Au-delà de ces articles alimentaires, nous avons aussi visité le Temple Night Market et le Lady Market, deux institutions en termes de gadgets et autres souvenirs en tout genre. Il faut dire que les montres s'y vendent par 5 au prix d'une pile en France. A savoir si elles tiendront longtemps, c'est une autre histoire ! On a même croisé, dans le premier, des stands de « voyants » lisant l'avenir dans des cartes tirés par... des oiseaux ! Mais notre chinois étant limité pour le moment et leur anglais peut-être aussi bon que notre chinois, on s'est abstenu. Dommage, on aurait certainement bien rigolé !

Enfin, après ce qui se mange mais que l'on n'osera peut-être jamais tester, après ce qui clignote de partout mais dont on ignore pour quelle durée... nous nous sommes attaqués au troisième pilier : le « domestique ». Alignement de fleuristes et centaines d'oiseaux à vendre sur Yuen Po Street et « agglutinement » de poissons exotiques dans des sachets transparents gonflés sur Tung Choi Street. Encore une ambiance de fous !

Une ville qui respire...

Mais Hong Kong, ce n'est pas seulement une ville ultra-urbanisée. Hong-Kong, c'est aussi de superbes espaces verts paisibles disséminés ça et là dans la ville, véritables lieux d'apaisement pour pratiquer le « Tai Chi » ou se ressourcer sur un point d'eau ; c'est aussi un extraordinaire parcs botanique et zoologique pour découvrir une faune peu courante d'ici et d'ailleurs ; c'est aussi des temples zen au milieu du brouhaha... Une ville qui respire.

Nous avons surtout bien pu sentir ce pouls apaisé durant notre troisième jour. Tout d'abord, notre traversée d'une rive à l'autre en « Star Ferry » aux aurores nous donnait déjà une impression de calme. Pénétrer sur ces embarcations historiques datant de la fin du XIXème siècle, s'asseoir sur les bancs en bois de l'époque et entendre la sirène marine sonnant le départ... nous a donné l'impression de partir en mer pour des semaines. Le décor de buildings paraissaient presque comme une toile de fond que l'on aurait posé derrière pour les besoins d'un film. Et 9 minutes plus tard, nous mettions de nouveau les pieds sur la terre ferme.
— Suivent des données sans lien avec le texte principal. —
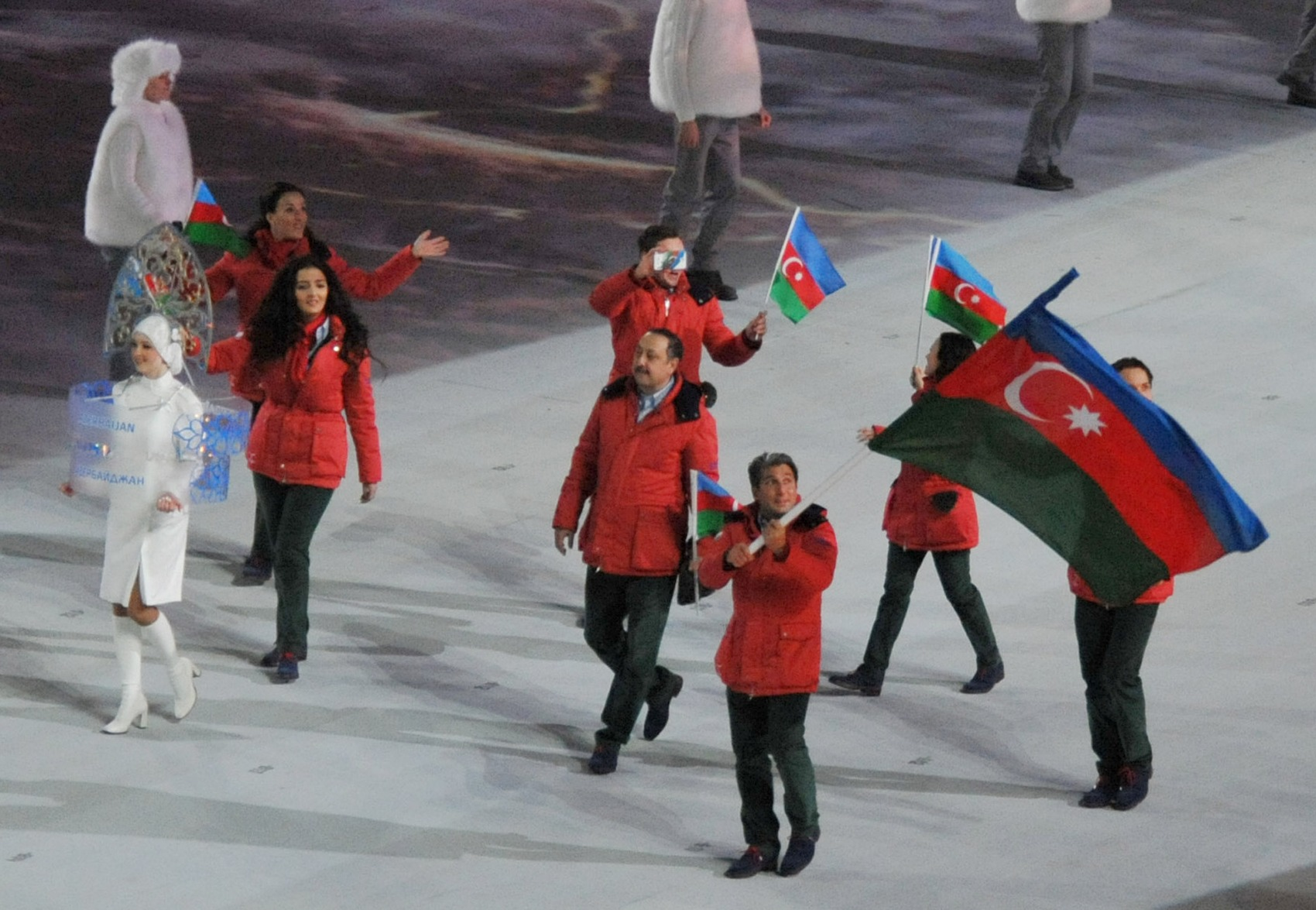 Azerbaijan at the Opening ceremony of the 2014 Winter Olympic Games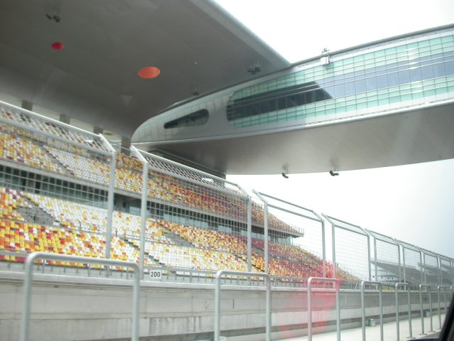 Shanghai International Circuit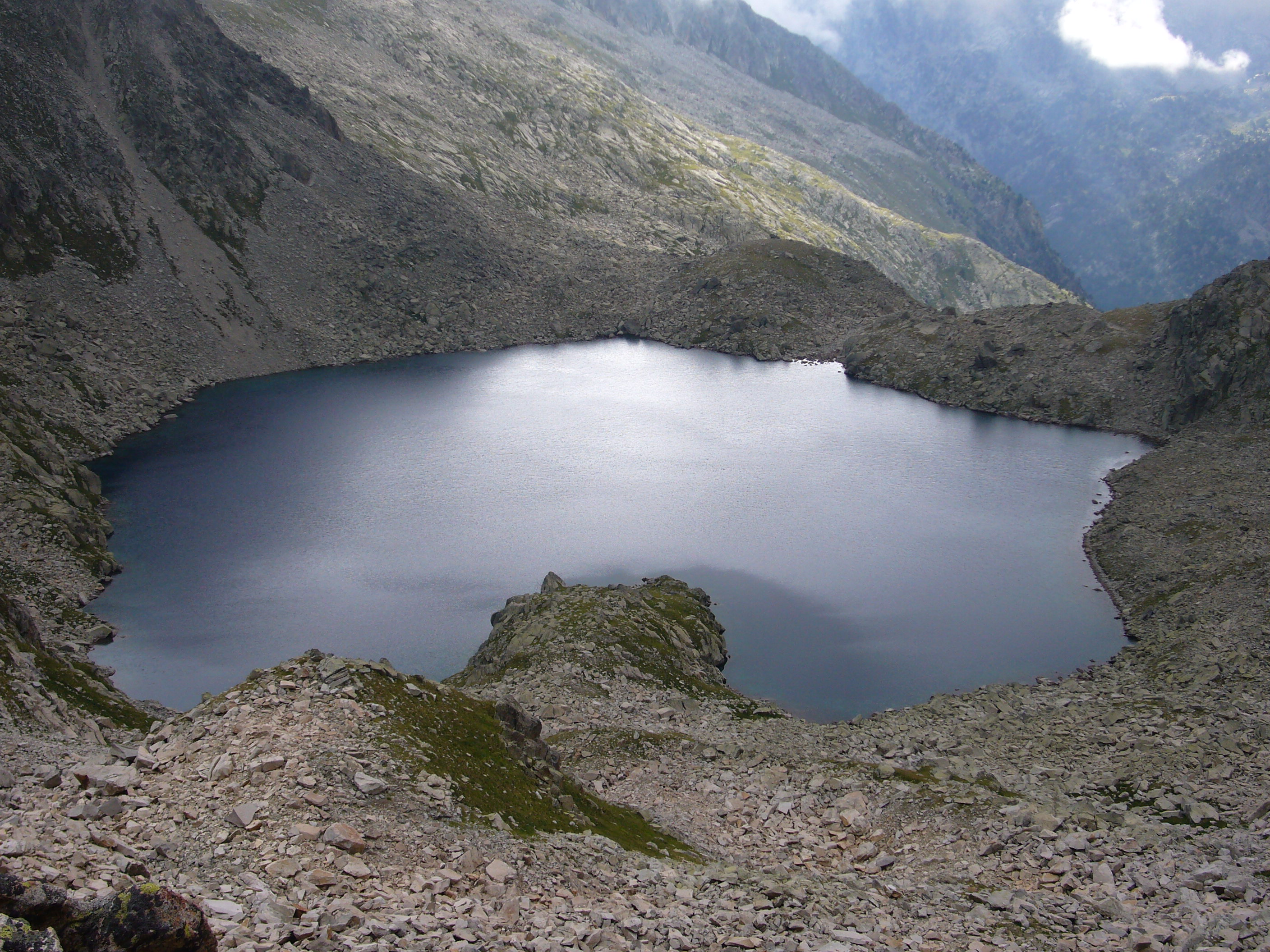 Estany de Contraix, la Vall de Boí, Alta Ribagorça, Catalonia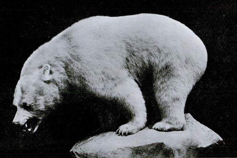 Side View of the inland white bear (Ursus kermodel Hornaday). From a photograph of the mounted specimen in the Carnegie Museum, Pittsburg, Pa. The animal was prepared by Frederic S. Webster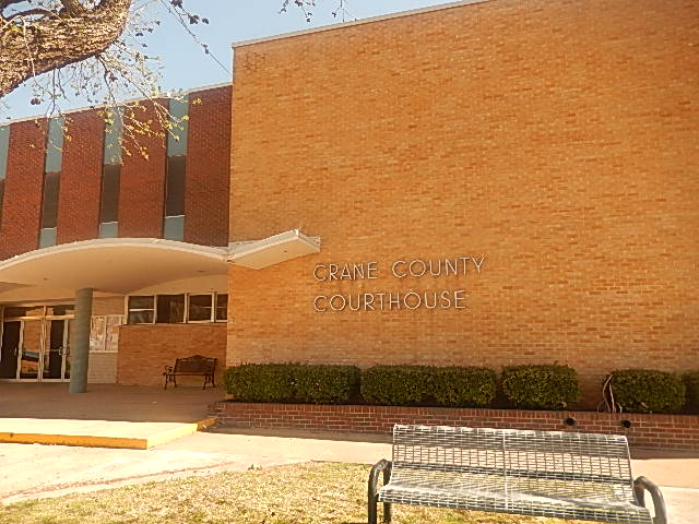 I took photo of Crane County Courthouse, Crane, TX, with Nikon camera.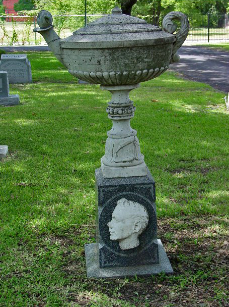 Grave monumnet W.C. Brann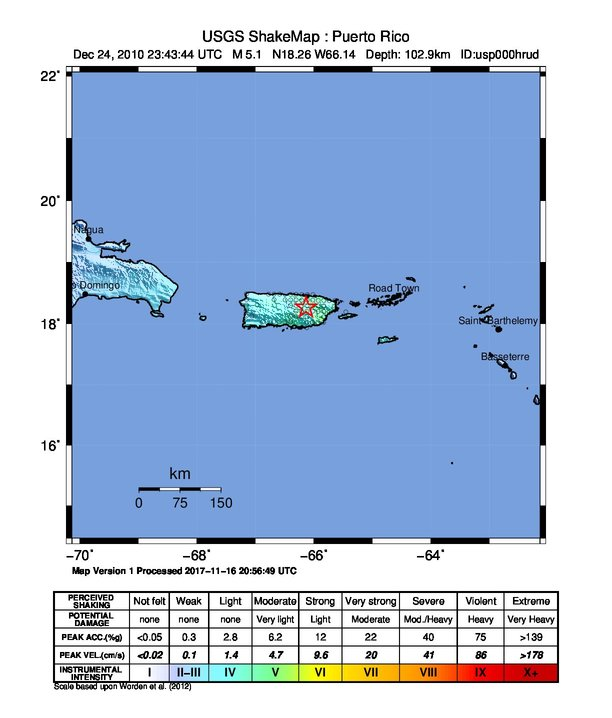 M 5.1 - Puerto Rico 2010-12-24 23:43:44 (UTC)

Pour continuer dans la thématique « zen », nous nous sommes rendus au « Peak », le plus haut point de la ville. Embarquement dans le « Peak Tram », un tramway d'autrefois qui s'incline sur certaines portions du trajet jusqu'à 45 degrés pour atteindre le sommet ; on se croirait couchés, debout ! Et à l'arrivée, nous avons eu la chance de trouver un ciel dégagé pour observer l'intégralité de la ville étendue à nos pieds. Une sensation de « maîtres du monde » à la clef ! Du coup, on s'est décidé pour faire perdurer cette pause bucolique en effectuant la descente à pied (dans ce sens, c'est toujours plus facile) et nous n'avons pas regretté. La forêt dense nous a accompagnait tout du long des 3 kilomètres et quelques et parfois, au détour d'un escalier plus pentu, nous nous demandions si nous étions bien à Hong Kong et si les centaines d'immeubles que nous avions dominés quelques minutes auparavant n'étaient pas des mirages. Mais non, nous avons bien retrouvé la folie des grandeur en arrivant en bas.
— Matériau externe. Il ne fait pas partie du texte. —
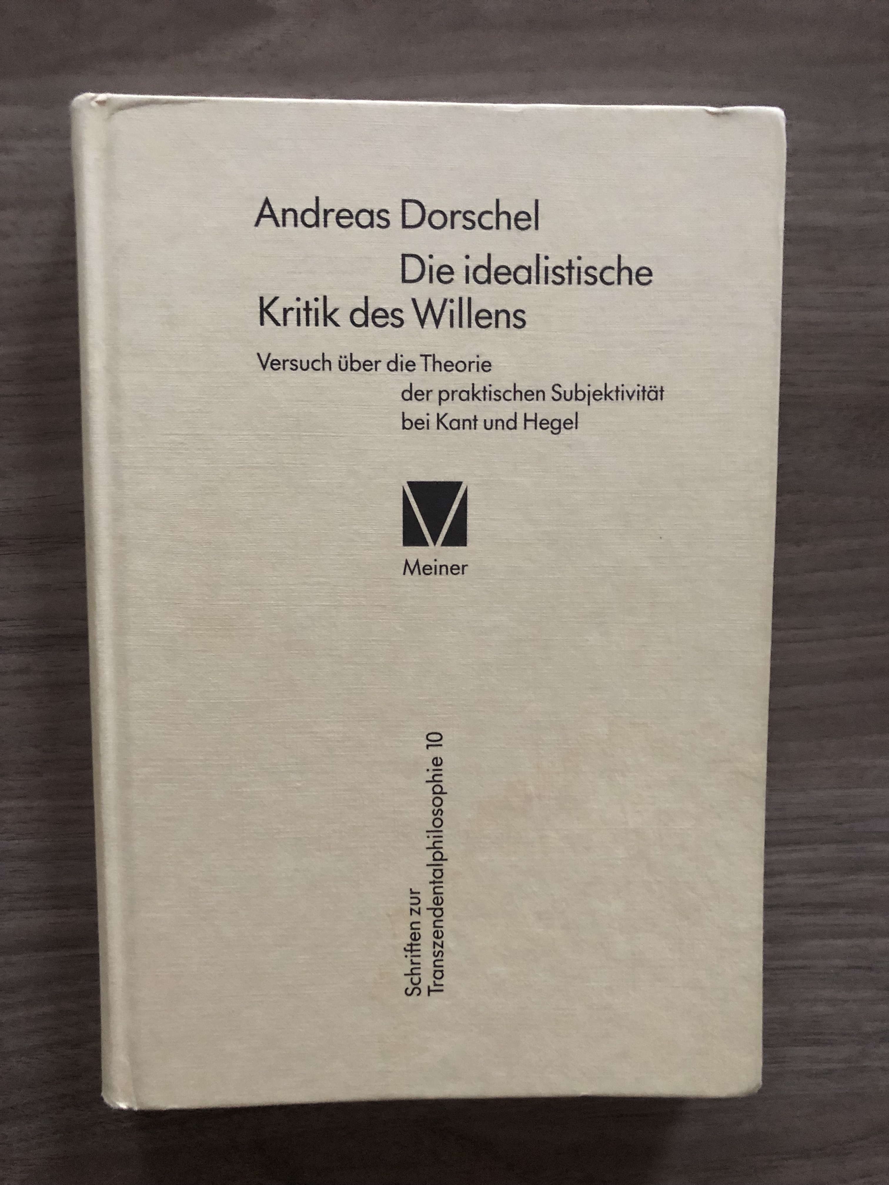 Andreas Dorschel, Die idealistische Kritik des Willens (1992)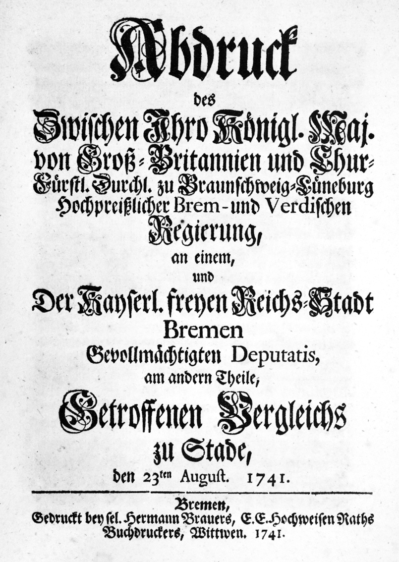 Cover page of the Zweiten Stader Vergleich (“Second compromise of Stade”), agreed on between the city of Bremen and the Electorate of Brunswick-Lüneburg in Stade, Germany, 23 august 1741.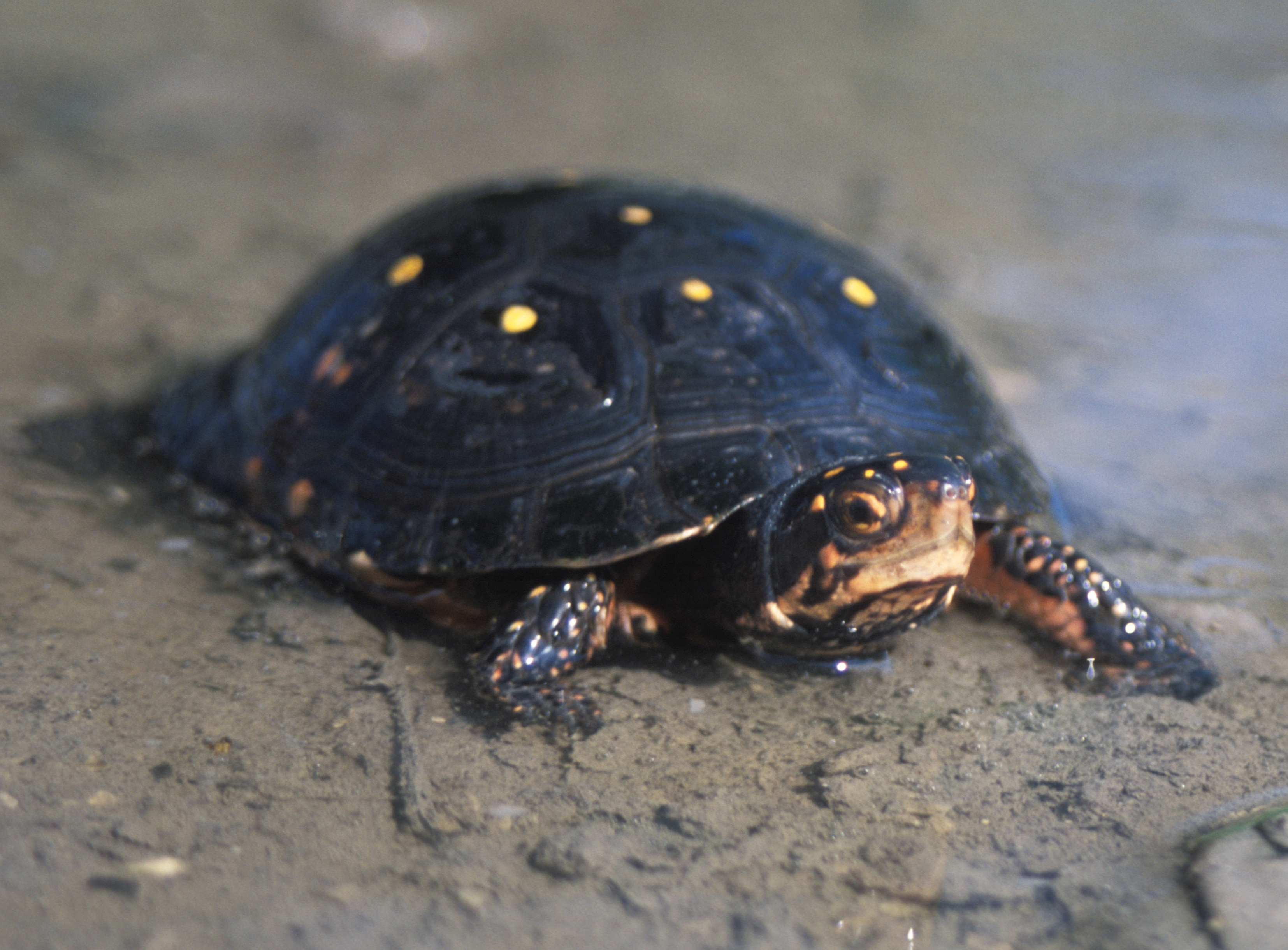 Spotted Turtle (Clemmys guttata). North Carolina, USA.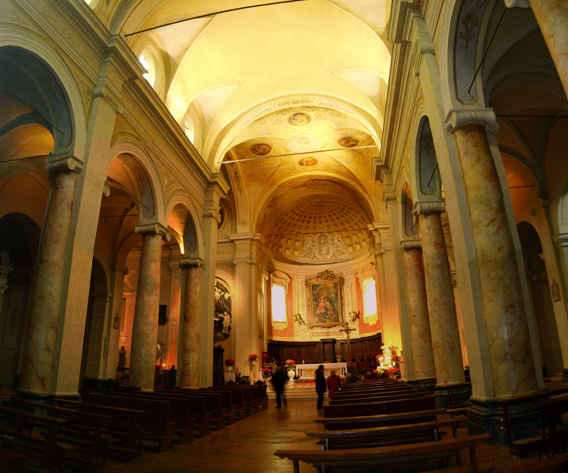 The interior of the dome of St. Catherine, Bertinoro, province of Forlì-Cesena, Emilia-Romagna

La version « verte » nous ayant charmé, on a prolongé notre déambulation au « Hong Kong Zoological & Botanical Garden ». Plus qu'un jardin public, si l'on peut dire, c'est un véritable zoo en pleine ville. Et au-delà de la surprise de trouver un tel espace dédié aux animaux au milieu des buildings, c'est le nombre et la rareté de certaines espèces qui donnent toute la dimension à ce lieu. Nous avons pu y voir pour la premier fois des ibis rouges, des flamands roses... oranges, des lions tamarins (petit singe) et même deux orangs-outans (c'est toujours difficile de voir de tels animaux en cage mais à l'observer se curer les dents sur les barreaux, on était quand même rassurés d'être de l'autre coté de ceux-ci !).
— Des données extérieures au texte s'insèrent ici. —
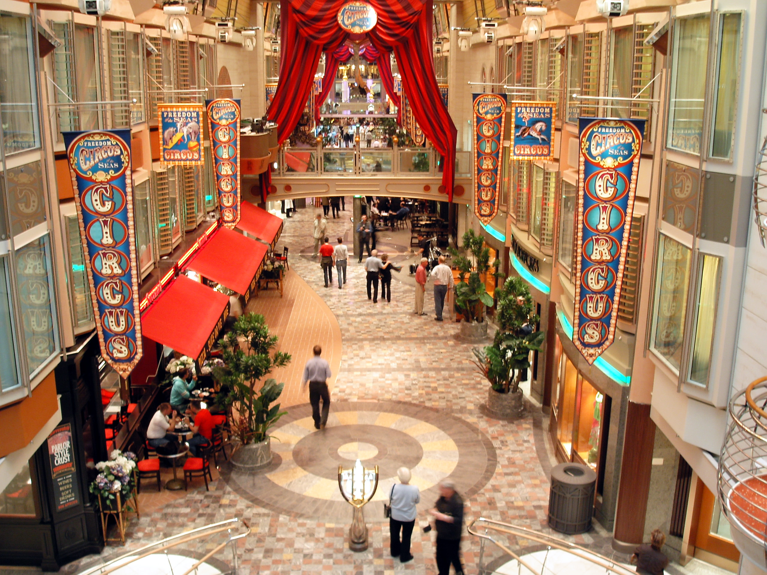 Royal Promenade aboard Freedom of the Seas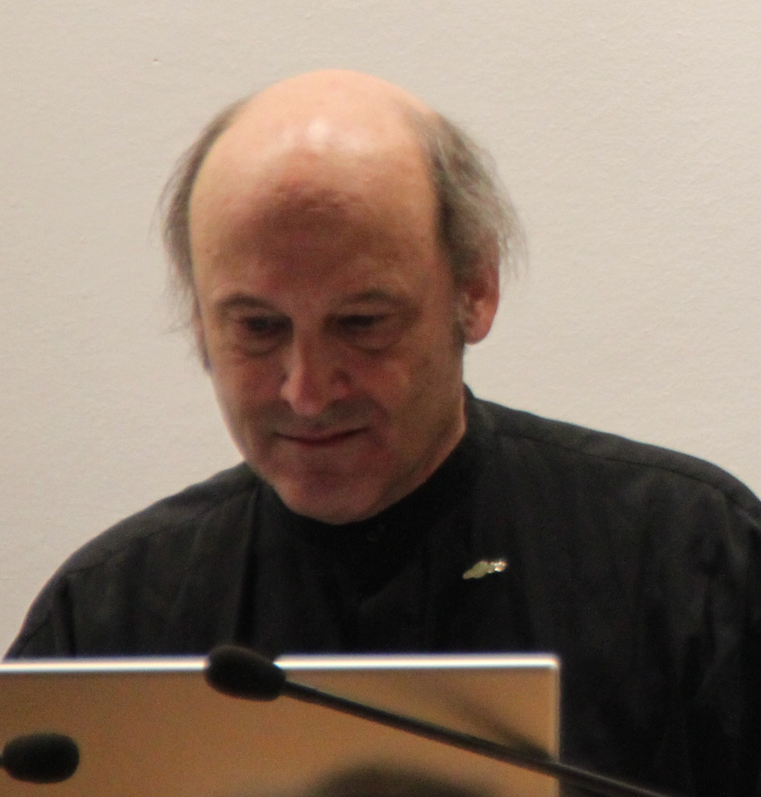 Chris Crawford giving a speech at the Cologne Game Lab about "The Phylogeny of Play".

Et pour finir notre petit « zenitude tour » de la ville, rien de telle qu'une petite virée dans deux des principaux temples. Si le premier nous a rapidement mené vers la sortie à cause de la fumée étouffante lâchée par la surabondance de serpentins géants d'encens en train de se consumer depuis plusieurs mois pour certains (on y trouve l'étiquette qui stipule le jour de début d'allumage), le second nous a offert une dimension plus concrète de leur pratique religieuse : les pots de bâtons de la chance que les croyants secouent jusqu'à ce que l'un s'éjecte, les demi-lunes jetées à terre comme une réponse à une question posée, le circuit tout autour du temple avec les bâtons d'encens en éventail au-dessus de la tête... Nombre de cérémoniels pour lesquels il nous faudra trouver plus d'explications lors de notre passage en Chine !

 

Apaisés et excités par cette mégalopole, nous y serions bien restés plus longtemps mais déjà une nouvelle aventure nous attendait, et pas n'importe quel morceau : l'Inde !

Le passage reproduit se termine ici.